NCT ID: NCT03980717 Recruiting - Clinical trials for Congenital Diaphragmatic Hernia

Fetal Endotracheal Occlusion (FETO) in the Resolution of Pulmonary Hypertension in Fetuses With Severe CDH

Start date: August 9, 2019
Phase: N/A
Study type: Interventional

Congenital diaphragmatic hernia (CDH) occurs when the diaphragm fails to fully fuse and leaves a portal through which abdominal structures can migrate into the thorax. In the more severe cases, the abdominal structures remain in the thoracic cavity and compromise the development of the lungs. Infants born with this defect have a decreased capacity for gas exchange; mortality rates after birth have been reported between 40-60%. Now that CDH can be accurately diagnosed by mid-gestation, a number of strategies have been developed to repair the hernia and promote lung tissue development.

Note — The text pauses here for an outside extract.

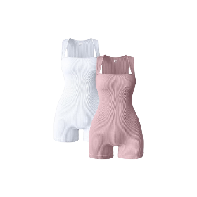 Design: One-piece seamless jumpsuit with sculpting 3D contour texture, square neckline, wide straps, and mid-thigh length.

Fetal tracheal occlusion (FETO), using a fetoscopically delivered and removed balloon device, has been used to temporarily occlude the trachea and increase lung distension in CDH to allow the lungs to develop and has been shown to increase survival at birth. The role of FETO in the resolution of pulmonary hypertension in fetuses with severe left- and right- sided CDH remains unclear. Our recent observation that FETO is associated with a higher proportion of infants who resolve their pulmonary hypertension by the age of 1 year as compared with those who have not had FETO, is based on a retrospective cohort study, which, as with any such design, has some intrinsic limitations. Thus, a prospective cohort study that is appropriately powered to confirm or disprove this encouraging observation is needed. If our preliminary observation is confirmed, resolution of PH by the age of 1 year could be added to the benefits of the FETO procedure in severe left and right-sided CDH cases. The investigators will perform 40 FETO procedures on fetuses diagnosed prenatally with severe right- or left-sided CDH, and outcome data will be compared with that of a control group of severe right- or left-sided CDH who will not undergo the FETO procedure because of medical or social issues. Because the prevalence of left-sided CDH is higher than right-side CDH, the investigators will perform 25 FETO procedures in left sided CDH and 15 in right-sided CDH, and these outcomes will be compared to a cohort of 40 non FETO cases.